Even a company whose business is leadership needs to re-evaluate the effectiveness of its product.

That was the situation faced by the Ken Blanchard Companies less than two years ago, when “we were kind of losing steam,” according to Howard Farfel, president of the business founded in 1979 by Dr. Ken Blanchard, the servant-leadership guru and author of “The One-Minute Manager.”

Howard Farfel, president of the Ken Blanchard Companies, was this week's speaker in the KBCOB Leadership Series

Howard Farfel, president of the Ken Blanchard Companies, was this week’s speaker in the KBCOB Leadership Series

Farfel, the guest speaker Tuesday night in the second installment of the KBCOB Leadership Series, said the family-owned business decided to take a hard look at itself. The Ken Blanchard Companies employs more than 300 researchers, consultants and facilitators in San Diego and around the world. Its clients and partners include Coca-Cola, Nissan, Apple, American Express, Wells Fargo and Grand Canyon University, where the business college bears Blanchard’s name.

An expert in innovation was retained to help with the process, Farfel said, and an intense re-examination began with the mission statement (“Unleash the potential and power of people and organizations for the greater good”) and values (ethical behavior, relationships, success, learning). The firm was interested in meeting a growing demand for customized learning, along with accommodating the diverse needs of small companies and multinational organizations. It wanted to become more effective in using new technology.

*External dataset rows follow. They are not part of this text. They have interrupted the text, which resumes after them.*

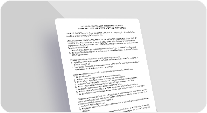 GC 3100.13-4 SECTION 5D - CONTINUATION OF PERSONAL INSURANCE DURING 2005 A LEAVE OF ABSENCE FOR ACTIVE MILITARY SERVICE (BME) SECTION 5D - CONTINUATION OF PERSONAL INSURANCE DURING A LEAVE OF ABSENCE FOR ACTIVE MILITARY SERVICE LEAVE OF ABSENCE means the Person is absent from Active Work for a temporary period of time that has been agreed to in advance in writing by the Participating Unit. CONTINUATION OF PERSONAL INSURANCE DURING A LEAVE OF ABSENCE FOR ACTIVE MILITARY SERVICE: If the Person is on a leave of absence for military service as described under the Uniformed Services Employment and Reemployment Rights Act of 1994 (USERRA) and applicable state law, the Person’s coverage may be continued until the later of: 1) the length of time the coverage may be continued under the Group Policy for an FMLA leave of absence; or 2) the length of time the coverage may be continued under the Group Policy for Leave of Absence other than an FMLA leave of absence. Coverage continued under this Section is subject to the following requirements: 1) applicable premiums must continue to be paid to AUL in accordance with the Group Policy (see Section 6 - Premium Payment); and 2) Basic Monthly Earnings will be the amount last reported to AUL in writing and in effect prior to the date the Person’s Leave of Absence for active military service began. Continuation of Personal Insurance under this provision will cease on the earliest of the following: 1) the date a Person dies; 2) the date a Person’s coverage terminates for nonpayment of premiums; 3) the date a Person begins full or part-time employment with another employer; 4) the date this Group Policy, or the Participating Unit’s coverage under the Group Policy, terminates; 5) the date a Person notifies the Participating Unit that he will not be returning to Active Work; 6) the date a Person’s class is no longer offered under the Group Policy; 7) the date a Person no longer qualifies for an eligible class, as stated on the Schedule of Benefits; or 8) the date a Person requests termination of coverage under the Group Policy, but not prior to the date of request. All terms and conditions of the Group Policy will apply during the approved continuation period provided under this Section, unless otherwise stated. While Personal Insurance is being continued under this Section, the Person will be considered exempt from the requirements listed below: 1) the Actively At Work definition; and 2) the applicable number of hours needed to meet the requirement for full-time Employee, as stated on the Schedule of Benefits. If the Participating Unit has approved more than one type of Leave of Absence for the Person during any one period, AUL will consider such leaves to be concurrent for the purpose of determining how long the Person’s coverage may continue under the Group Policy.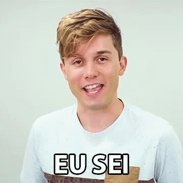 Gato Galactico, a man in a white shirt, smiles and says 'Eu Sei' (I Know).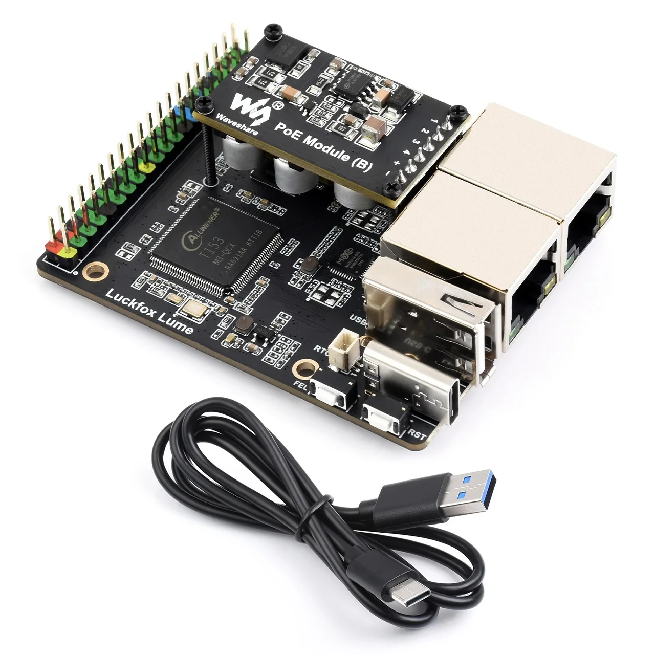 Luckfox Lume เป็นบอร์ดคอมพิวเตอร์อุตสาหกรรมขนาดกะทัดรัด (SBC) ที่ใช้ชิป Allwinner T153 quad-core Cortex-A7 พร้อมคอร์ RISC-V สำหรับงานประหยัดพลังงาน มาพร้อมหน่วยความจำ DDR3 128MB, SPI NAND flash 256MB รวมถึงพอร์ต Gigabit Ethernet แบบคู่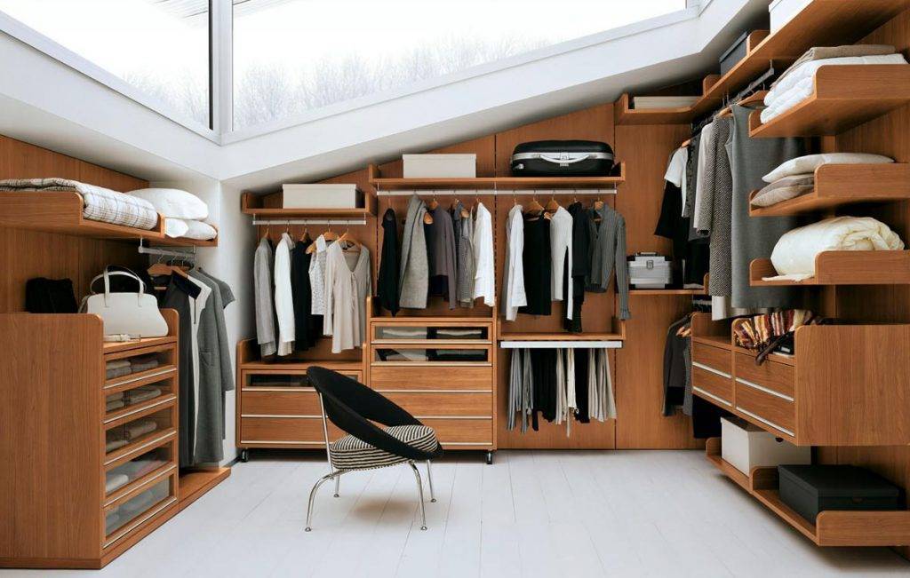 Если в комнате есть свободный угол, то можно обустроить место для вещей там. Это очень оригинальное решение, в этом случае комната с одеждой может стать изюминкой в интерьере. В этом случае также придется установить перегородки.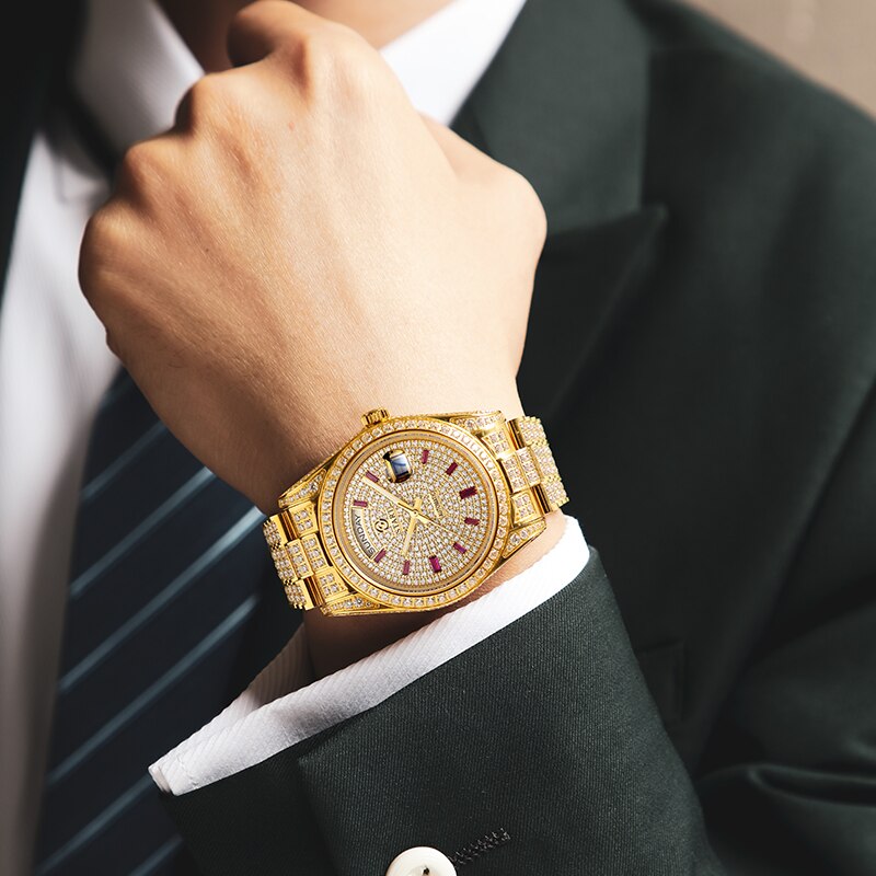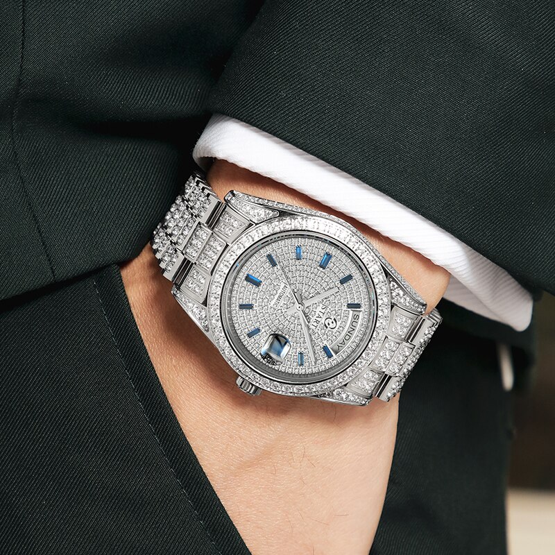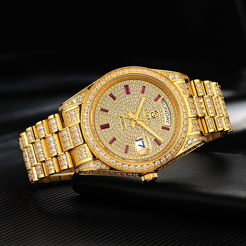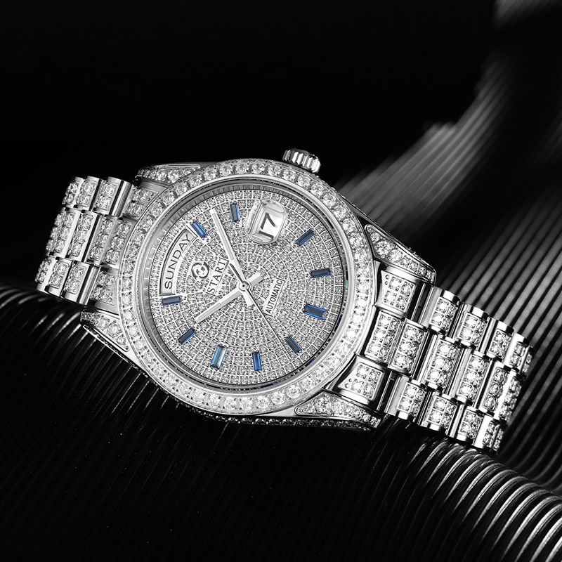 Special features:diamond-encrusted dial,luminous, calendar display, week display, full diamond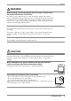 English WARNING If the unit begins to emit smoke, smells like something is burning, or makes strange noises, disconnect all power connections immediately and contact your dealer for advice. Attempting to use a malfunctioning unit can be dangerous. Do not dismantle the cabinet or modify the unit. Dismantling the cabinet or modifying the unit may result in electric shock or burn. Refer all servicing to qualified service personnel.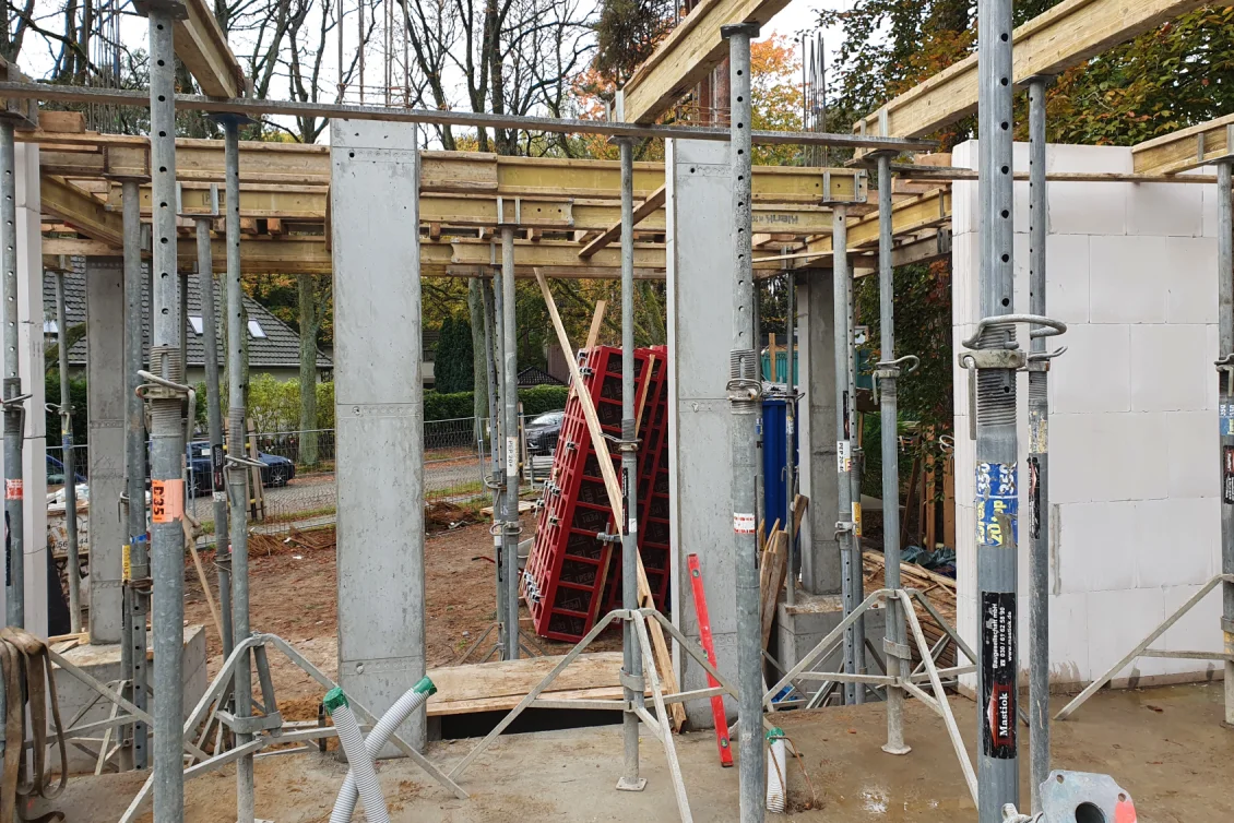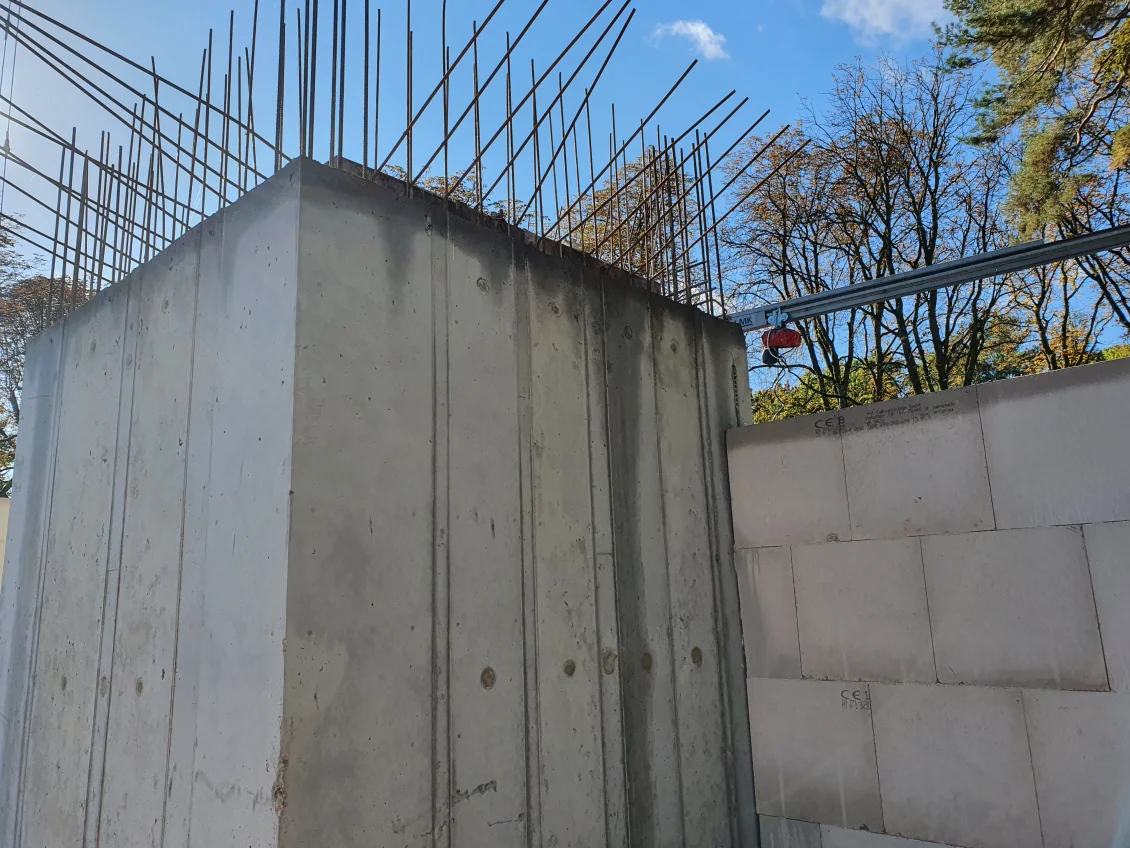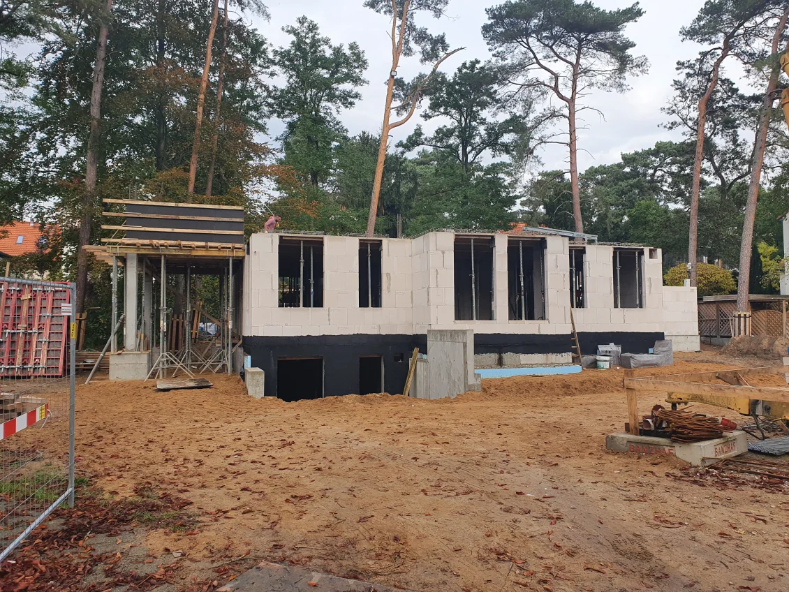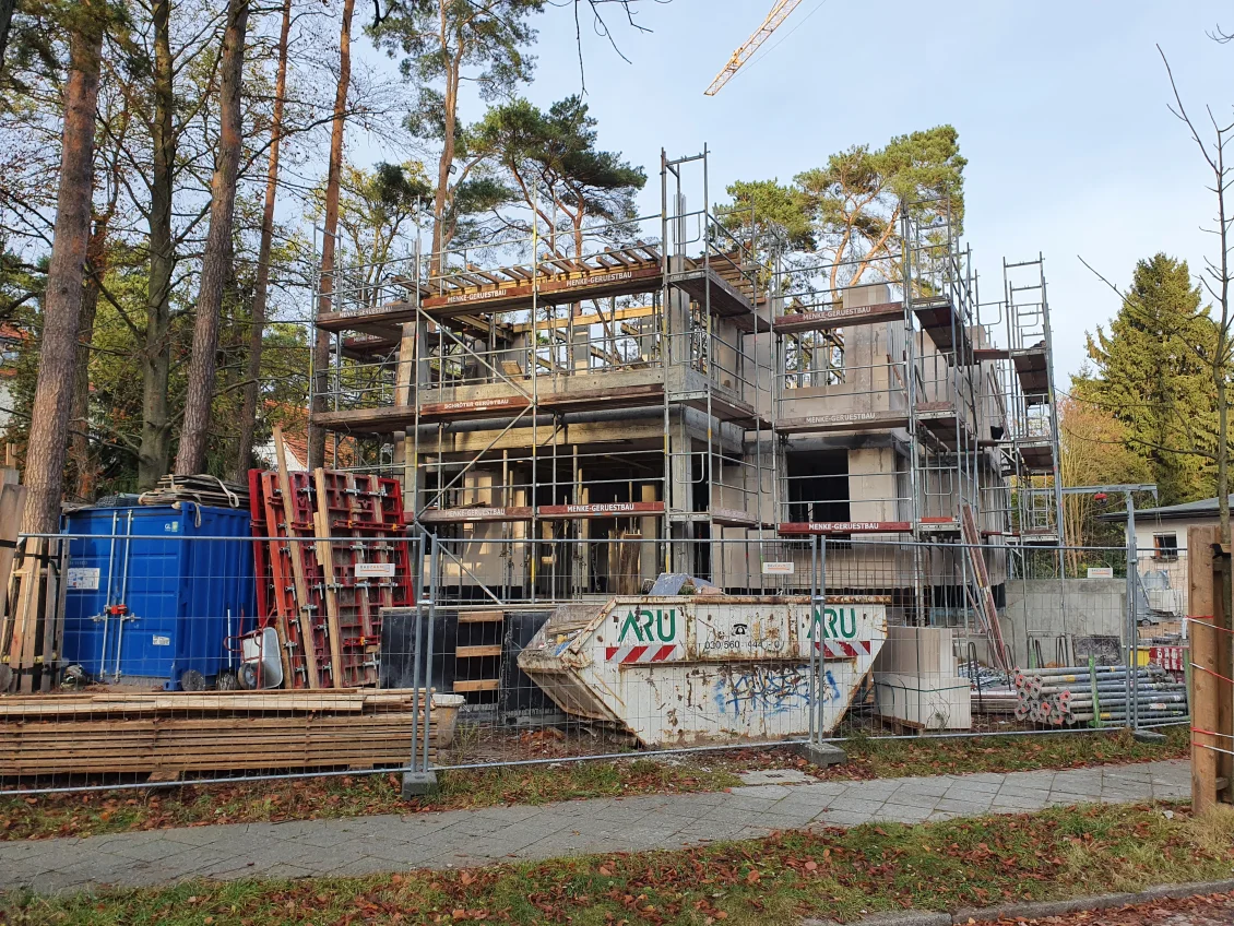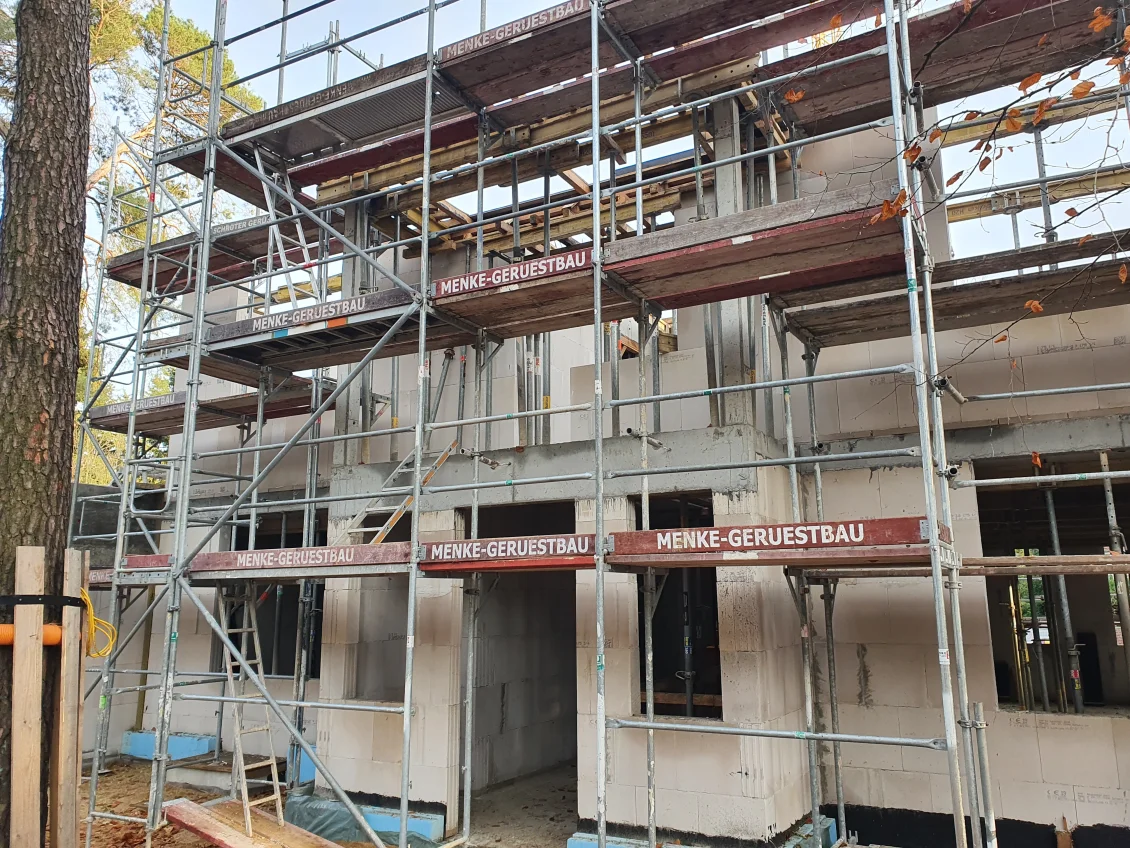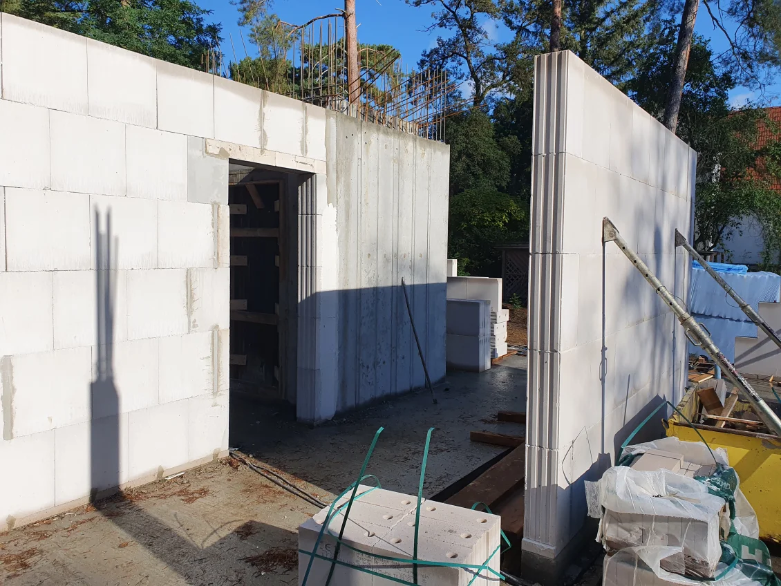 Das Untergeschoss ist jetzt über die Maisonette-Treppe der Gartengeschoss-Wohnung erreichbar. Da die Kellerwände mit den als Halbfertigteile hergestellten “Filigrandecken” abgeschlossen werden, lassen sich die ersten Raumproportionen erkennen und wie viel Tageslicht durch die großen Fensteröffnungen in die Räume fällt.

“One model wasn’t working anymore,” said Farfel, who has been with Blanchard for 13 years.

As part of the process, he said, key issues were identified, research was performed, readiness for change was assessed and large-group input was solicited from Blanchard employees. Strengths were seen as creativity, a consensus orientation, moderate risk-taking and high cause motivation. A weakness was inconsistent follow-through on ideas.

Three “stages” of the business — mature, growth and creation — helped in the ranking of priorities. Traditional training, which long has been the company’s calling card, was considered mature and in need of less attention than potential growth areas such as government and global leadership. E-learning and education fell into the creation category, relatively new in development.

“I think we’re on our way to success,” said Farfel, adding that an accurate determination of readiness is the most important aspect of change.

He said it’s not always easy being a leader in a leadership company.

“My most challenging thing is modeling all the things we teach,” Farfel said. “It’s not like people are trying to catch me slipping up. But there is a standard that Ken and the company have set.”